NEW YORK/HONG KONG (Reuters) - Noble Group Ltd said on Tuesday it would sell its remaining 49 percent stake in its agribusiness to China’s state-owned COFCO International Ltd, exiting agricultural markets as Asia’s biggest commodity merchant seeks to slash debt.
The $750 million cash deal will hand COFCO full ownership of Noble Agri, which will be renamed COFCO Agri. It will handle everything from corn to sugar to cocoa and fertilizer, as China, the world’s top commodities buyer, seeks greater access to food.
The purchase will also expand COFCO’s global footprint in agricultural markets, rivalling the “ABCD” quartet of companies -- Archer Daniels Midland, Bunge, Cargill [CARG.UL] and Louis Dreyfus [AKIRAU.UL]. COFCO bought an initial 51 percent stake in Noble Agri in April 2014.
“The acquisition will greatly accelerate COFCO’s internationalization and global positioning,” Chairman Frank Gaoning Ning, said in a statement, adding that COFCO was bullish on the long-term outlook for the business.
The terms of the deal also include an additional deferred payment of up to $200 million if the business is listed on a stock market or sold, and also based on the unit’s future performance.
For Noble, the deal is a major step towards helping it retain its investment grade credit rating and repair investor confidence after a bruising accounting dispute.
Noble said the proceeds will go toward paying off debt, which stood at $4.2 billion at end-September, exceeding Chief Executive Yusuf Alireza’s pledge last month to raise $500 million through asset sales and strategic partnerships. The deal will also result in a non-cash loss of $546 million.

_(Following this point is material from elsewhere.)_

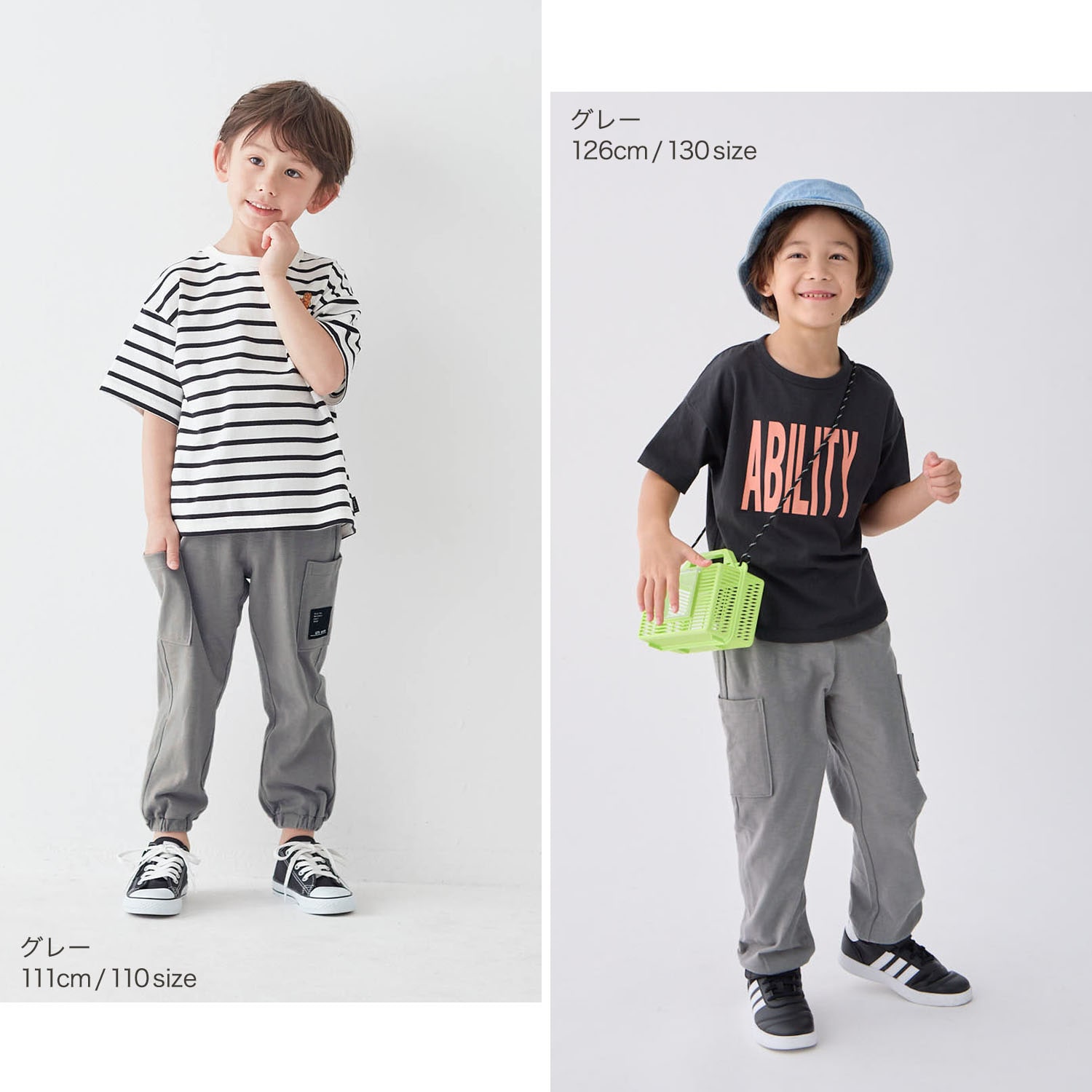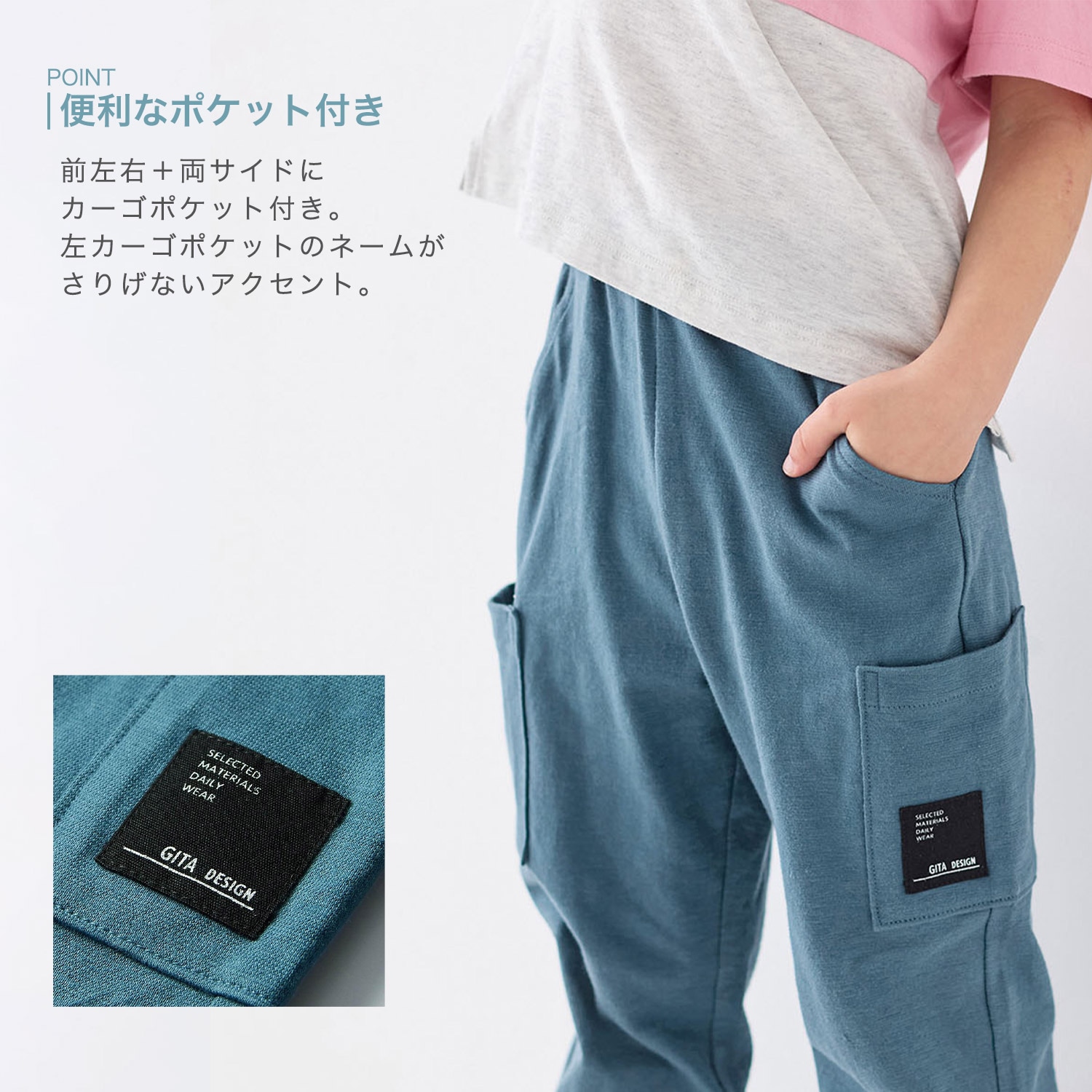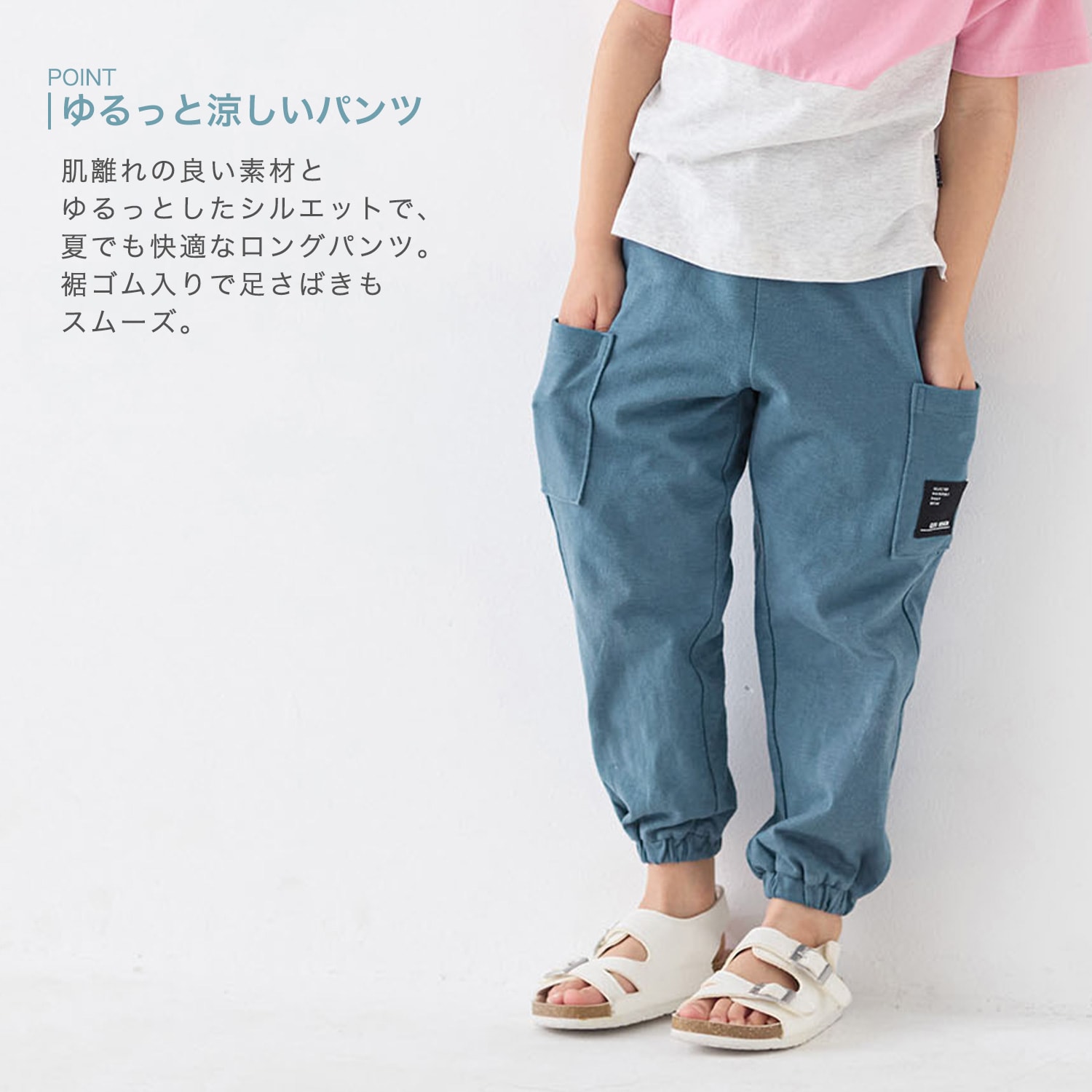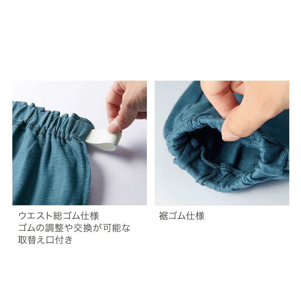 9分丈で裾ゴム仕様なので、132cmの息子が履いても裾を引きずらないので、良い感じです。

“It is a nice Christmas bonus for both stock and bondholders as it removes an earnings drag from the income statement and provides immediate debt reduction to the balance sheet,” said Andrew DeVries, analyst at independent researchers CreditSights.
“This should also buy Noble management some crucial time with the agencies who have them on review for downgrade to junk,” he added.
Noble shares rose as much as 4.5 percent on Wednesday after the deal was announced. Its bonds have been steadily rising since Reuters first reported the deal last week.
The bonds due 2020 edged up to around 69 cents on the dollar on Wednesday. They were trading at around 63 cents a week ago.
Noble said the sale will put its financial metrics in excess of those required of an investment grade credit, but ratings agency Standard & Poor’s said it would have no immediate impact.
The agency, which has Noble at the lowest investment grade rating of BBB-minus, also said the sale could “weaken Noble’s business position, including its business diversity and long-term competitiveness”.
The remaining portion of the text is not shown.